OS Kernels
Summarized by Kip Walker, CMU


Integrating Segmentation and Paging Protection for Safe, Efficient and Transparent Software Extensions
Tzi-cker Chiueh, Ganesh Venkitachalam, and Prashant Pradhan (State University of New York at Stony Brook)

Tzi-cker Chiueh presented their paper, in which the segmentation and paging hardware in the x86 family of processors was used to provide memory protection from kernel- or user-level extensions. Most of the talk was spent on an explanation of the underlying hardware mechanism, and how it had been applied to memory protection for extensions. The evaluation showed that protected calls into extensions were almost as fast as unprotected calls.

A lengthy Q&A session began with Jochen Liedtke commenting that details of the lret/lcall instructions could be found in Intel's OS-writer's guide. The first question came from Jeff Chase, who inquired if work had been done to address protection issues unrelated to memory, such as preventing infinite looping in an extension.
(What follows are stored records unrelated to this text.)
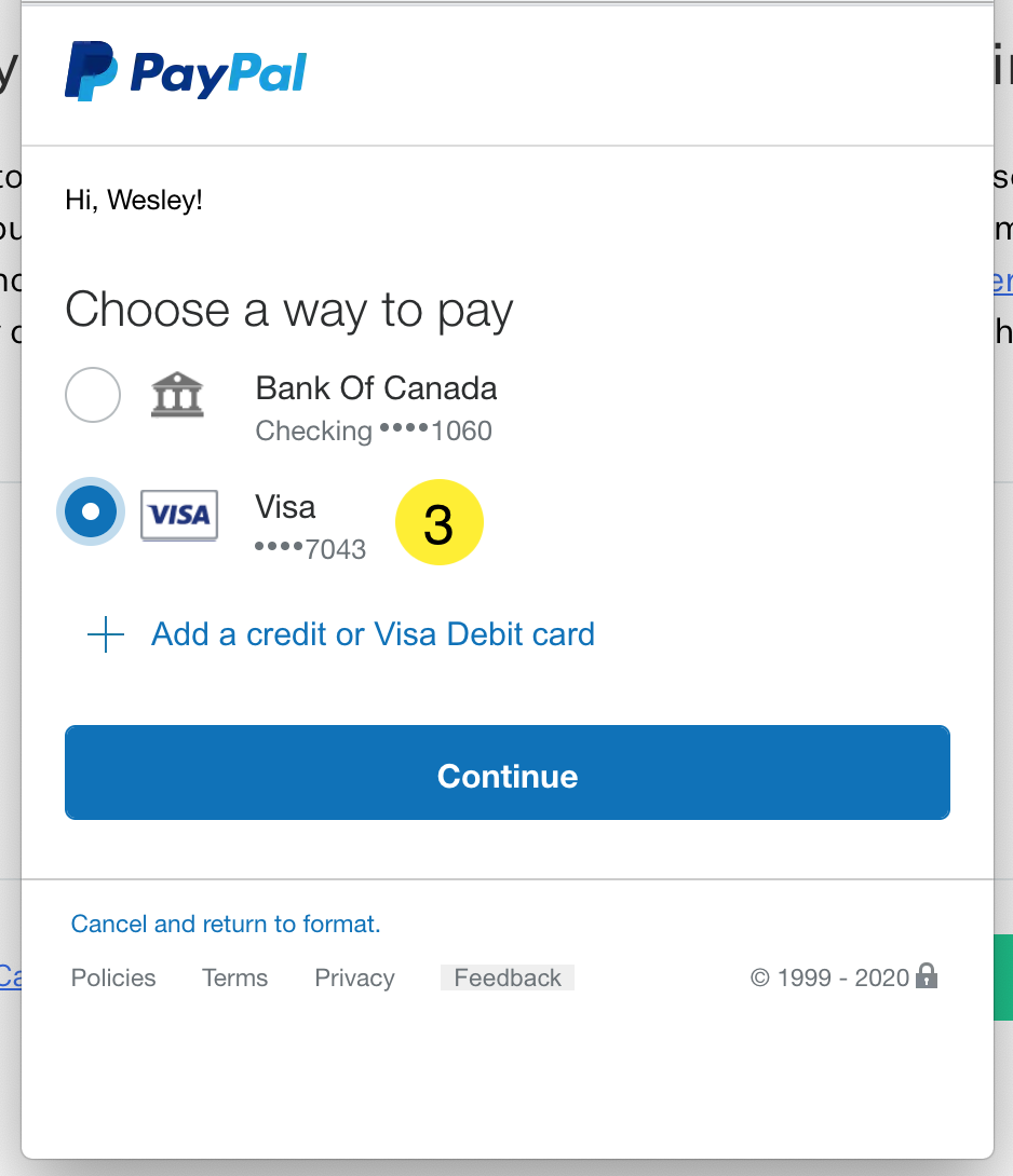 3. Select the account you would like to use for your PayPal payments:
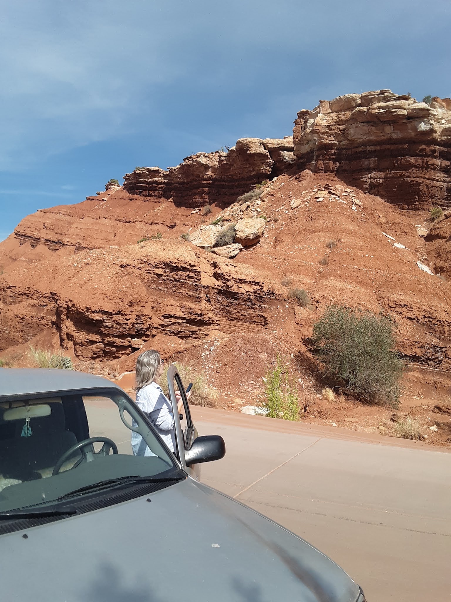 In our post-COVID-19 world, small towns are no longer ready to go at 6 AM. A local told us: “Tourists come here and expect to get coffee at eight o’clock in the morning.” The Wild Rabbit in Torry had a huge crowd of people waiting outside, and Austin’s Chuckwagon was crowded with Americano tourists, and no masks anywhere. We donned ours and grabbed some turnovers to go and a heap of napkins. This must be the “unprecedented tourism” we heard about in Kanab.
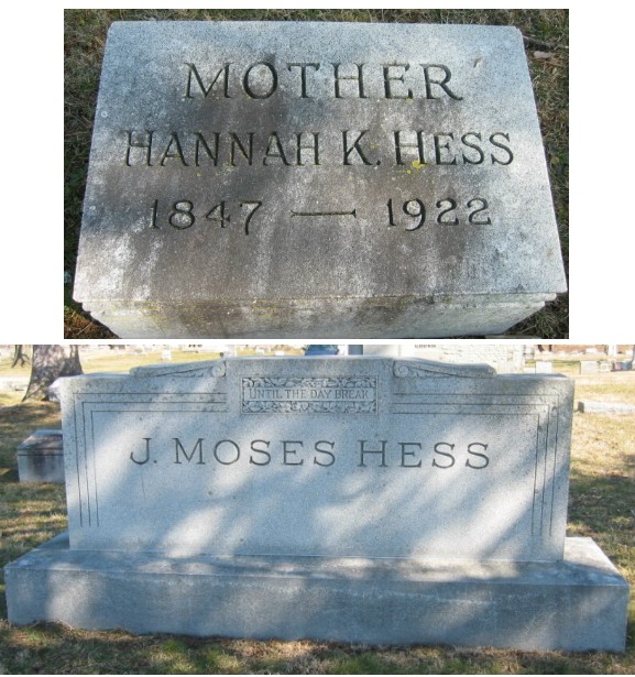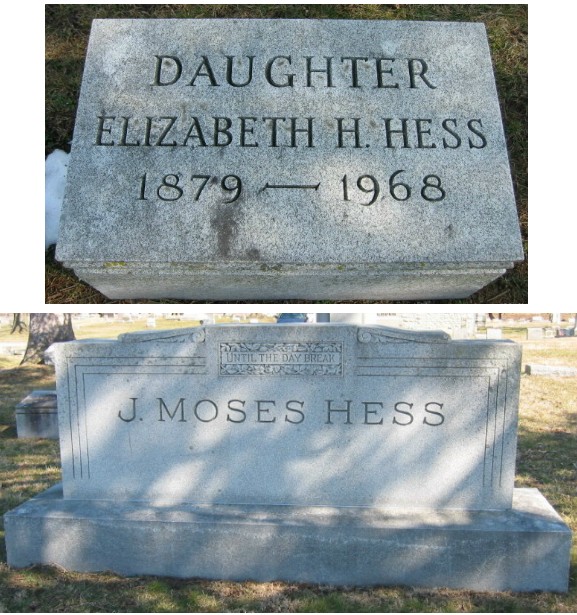 Hess, John Moses | 26 Jul | 1856 | Gravestone indicates husband of Elizabeth Hess, aged 56 years, 10 months, 24 days. Burials on the Web listed son of George Bolser Hess & Mary Eve Hensel. This information was listed on the Burials on the Web in late 2012/early 2013, but the listing was removed as of June 2013. There is no information regarding this individual in Union Cemetery Association records. Records begin after the Union Cemetery Association was formed in 1879. Between 1879-1905, records for individual burials are incomplete. | Sec. Old | Lot Hess (Photo) | Eastside | Map | ||||

Chiueh responded that the focus of the work was on memory protection; however, a basic timer mechanism had been implemented to prevent an extension from stealing the CPU forever.

An unidentified audience member asked if extensions could be protected from each other without expensive operations. Chiueh's answer was that the same efficient mechanism could probably not be used for memory protection between extensions. The next question, from Stefan Savage, pursued the idea that memory protection is just a part of the solution in supporting safe extensions. He observed that in his experience, the majority of problems were subtler, such as invariants being broken as a a side-effect of crossing interface boundaries. Again, Chiueh responded that memory protection was the focus of the work, and that in his group's limited experience with building extensions, such a situation had not occurred.

In an effort to get things stirred up, Geoff Kuenning asked what the speaker had learned about "real computers" from this project. Chiueh nimbly deflected this by pointing out that x86 processors are rather common. The last question came from Jonathan Shapiro, who inquired why such a mechanism is useful when Liedtke and others have demonstrated such fast context switch times. Shapiro let the question go unanswered with the comment, "Put up or shut up is a fine answer."

For more information, see http://www.ecsl.cs.sunysb.edu/palladium.html.


Cellular Disco: Resource Management Using Virtual Clusters on Shared-Memory Multiprocessors
Kinshuk Govil, Dan Teodosiu (HP Labs), Yongqiang Huang, and Mendel Rosenblum (Stanford)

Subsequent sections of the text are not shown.